TASK STATEMENT: Transcribe the data that follows without changing a word, and omit the pictures.

DATA SECTION:
• • • •

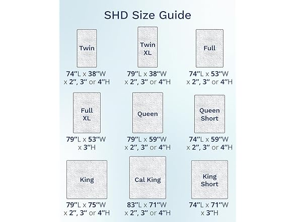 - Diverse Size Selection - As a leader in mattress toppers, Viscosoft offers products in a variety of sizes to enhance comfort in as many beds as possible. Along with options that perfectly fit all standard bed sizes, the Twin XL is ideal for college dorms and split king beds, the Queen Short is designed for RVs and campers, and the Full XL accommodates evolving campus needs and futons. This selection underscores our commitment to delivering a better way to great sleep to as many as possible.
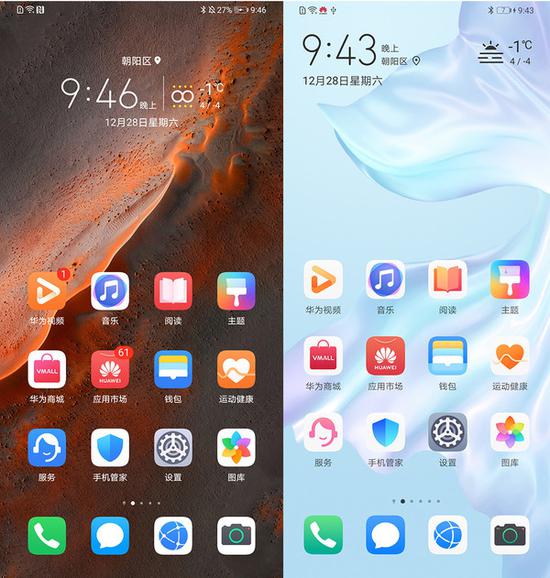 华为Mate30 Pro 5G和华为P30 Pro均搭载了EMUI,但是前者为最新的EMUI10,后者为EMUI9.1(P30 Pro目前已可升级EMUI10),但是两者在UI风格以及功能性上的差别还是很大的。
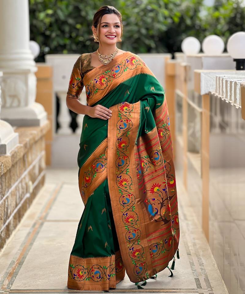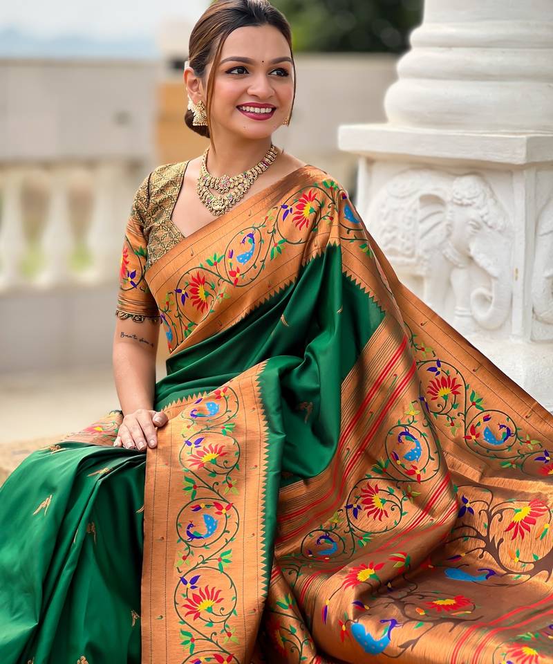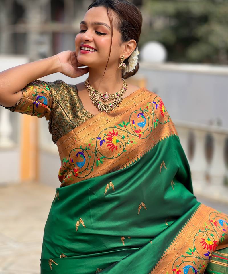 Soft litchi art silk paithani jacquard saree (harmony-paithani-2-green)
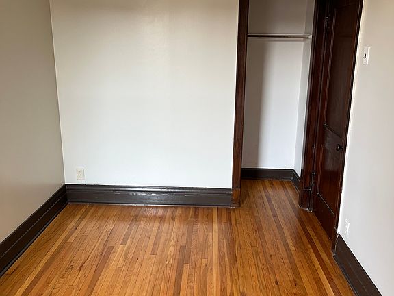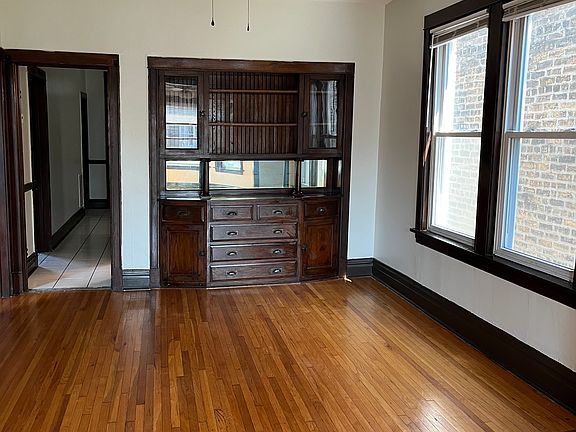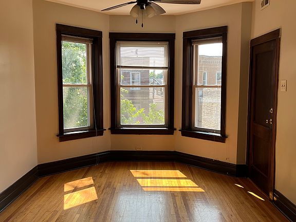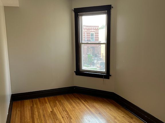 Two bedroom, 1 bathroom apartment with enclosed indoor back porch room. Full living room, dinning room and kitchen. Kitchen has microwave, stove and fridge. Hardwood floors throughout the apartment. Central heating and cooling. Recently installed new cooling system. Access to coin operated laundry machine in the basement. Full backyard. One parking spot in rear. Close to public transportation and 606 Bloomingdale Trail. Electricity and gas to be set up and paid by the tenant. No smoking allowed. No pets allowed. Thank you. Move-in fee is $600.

• • • •

EXERCISE RESULT:
 - Diverse Size Selection - As a leader in mattress toppers, Viscosoft offers products in a variety of sizes to enhance comfort in as many beds as possible. Along with options that perfectly fit all standard bed sizes, the Twin XL is ideal for college dorms and split king beds, the Queen Short is designed for RVs and campers, and the Full XL accommodates evolving campus needs and futons. This selection underscores our commitment to delivering a better way to great sleep to as many as possible.
 华为Mate30 Pro 5G和华为P30 Pro均搭载了EMUI,但是前者为最新的EMUI10,后者为EMUI9.1(P30 Pro目前已可升级EMUI10),但是两者在UI风格以及功能性上的差别还是很大的。
 Soft litchi art silk paithani jacquard saree (harmony-paithani-2-green)
 Two bedroom, 1 bathroom apartment with enclosed indoor back porch room. Full living room, dinning room and kitchen. Kitchen has microwave, stove and fridge. Hardwood floors throughout the apartment. Central heating and cooling. Recently installed new cooling system. Access to coin operated laundry machine in the basement. Full backyard. One parking spot in rear. Close to public transportation and 606 Bloomingdale Trail. Electricity and gas to be set up and paid by the tenant. No smoking allowed. No pets allowed. Thank you. Move-in fee is $600.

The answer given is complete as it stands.